During the winter, he generated ideas, and in the summer, he filmed. For almost a decade, he and his colleague and screenwriter, Noda Kōgo, followed a cycle of creation and rest at a villa located in the mountains of Nagano, still preserved today. Even though these landscapes were never seen in his work, “Tateshina was always in his heart.“

Nagai Hideyuki talks about his uncle during a film presentation at the Ozu Yasujirō Memorial Film Festival, held annually in the city of Chino, Nagano, since 1998. (© Kodera Kei)
Nagai Hideyuki talks about his uncle during a film presentation at the Ozu Yasujirō Memorial Film Festival, held annually in the city of Chino, Nagano, since 1998. (© Kodera Kei)

Nagai’s final memory with his uncle in Tateshina goes back to 1963, when for the first time a television set arrived in Unkosō, a nearby villa owned by the screenwriter Noda. “We all watched the public channel together on this small TV.”

Higanbana, the Equinox Flower

Ozu Akiko also participates every year in the Tateshina film festival that pays tribute to the creator. Autumn 2023 was no exception, and during the event she visited Mugeisō, the director’s last working villa. Red spider lilies bloom in the garden—a flower that the filmmaker particularly liked, among other reasons, because of its color.

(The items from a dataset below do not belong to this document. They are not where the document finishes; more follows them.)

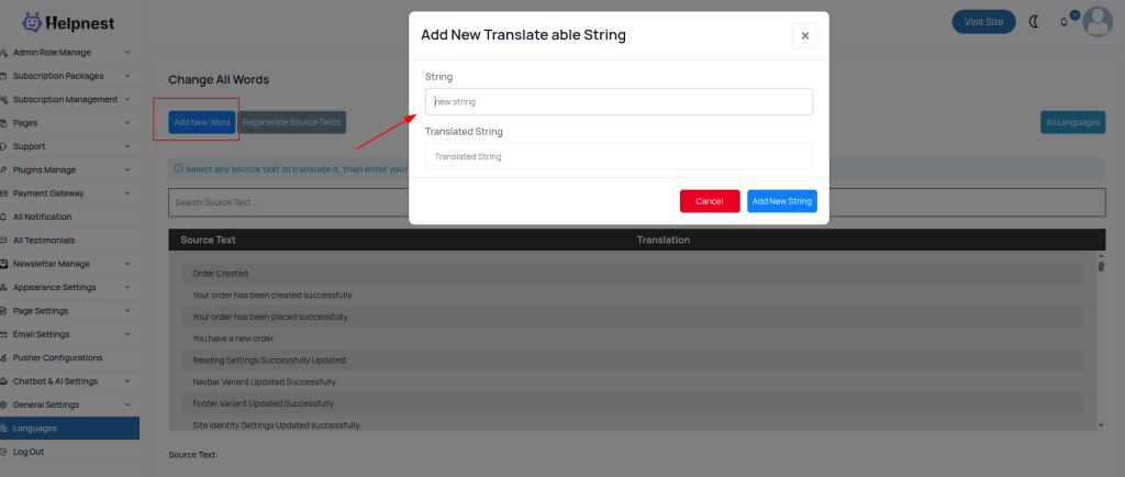 to add new translated string to admin or frontend word, click on add new string button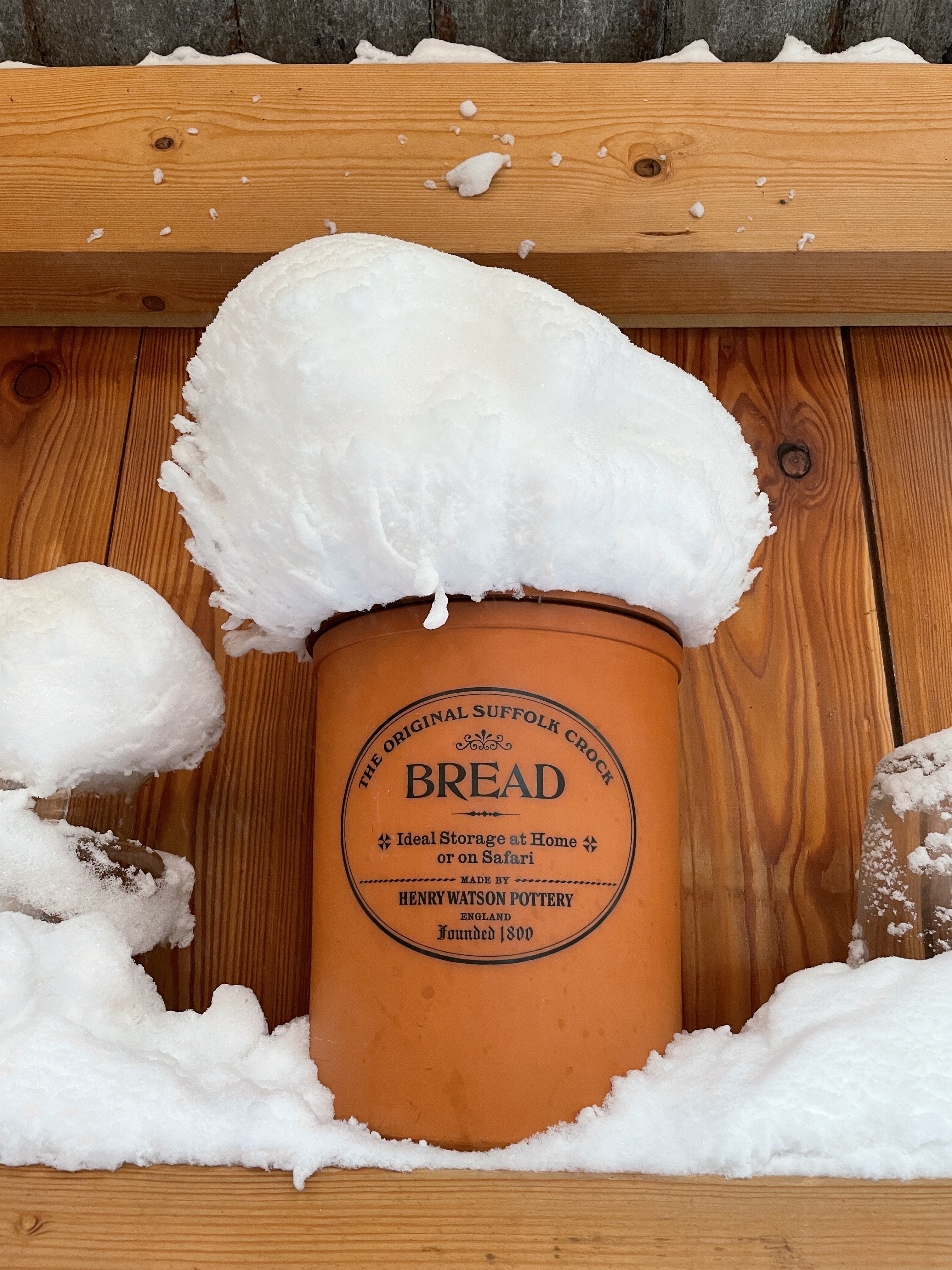 Een hele week vorst!! Wat een feest. Het begon met sneeuw die met windkracht 8 weer tot grote hoogte bij ons naar binnen werd geblazen. Een herhaling van een paar jaar geleden. Het bleek dat we toch nog een heleboel gaten hadden vergeten te dichten. Gelukkig vroor het dat het kraakte zodat we niet gelijk bang hoefden te zijn dat het via de houten vloer naar dieper gelegen lagen zou lopen. Terwijl heel Friesland de schaatsen aan het slijpen was, verplaatsten wij een volle dag sneeuw van binnen naar buiten.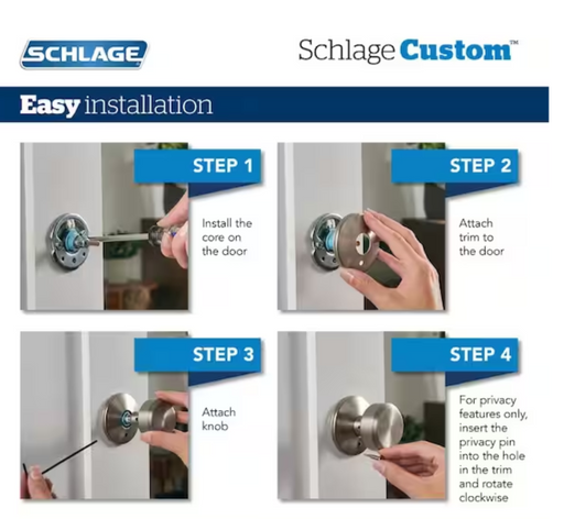 AbbotsfordOriginal price $118.00Current price $40.00The Schlage Custom Alexandria Glass Knob with Alden Trim Passage and Privacy Lock in Matte Black is uniquely designed to work on both Hall/Closet a...

The same intense red was featured in his color films and the flower’s Japanese name even became the title of a 1958 film, Higanbana. What did it represent in Ozu’s life? His niece Akiko believes that the key lies in a diary entry dated September 25, 1927. That day Ozu was traveling from his grandmother’s house to Hisai Station in Tsu, Mie Prefecture, where he spent part of his younger years. As the train moved away, Ozu could see the red flowers, higanbana, blooming on both sides of the tracks.

This flower, also known as “equinox flower,” evokes lost memories in Japan. It was Akiko’s idea to bring higanbana to Ozu’s last creative haven so they can burst into red every year when autumn arrives.

Nagai Hideyuki (center, second row) and Ozu Akiko (second from right, front row) during a group photo of participants at the Ozu Yasujirō Memorial Film Festival at Tateshina in September 2023. (© Kodera Kei)
Nagai Hideyuki (center, second row) and Ozu Akiko (second from right, front row) during a group photo of participants at the Ozu Yasujirō Memorial Film Festival at Tateshina in September 2023. (© Kodera Kei)

(Originally written in Spanish. Banner photo: Ozu Yasujirō's nephew and niece, Nagai Hideyuki and Ozu Akiko. © Kodera Kei.)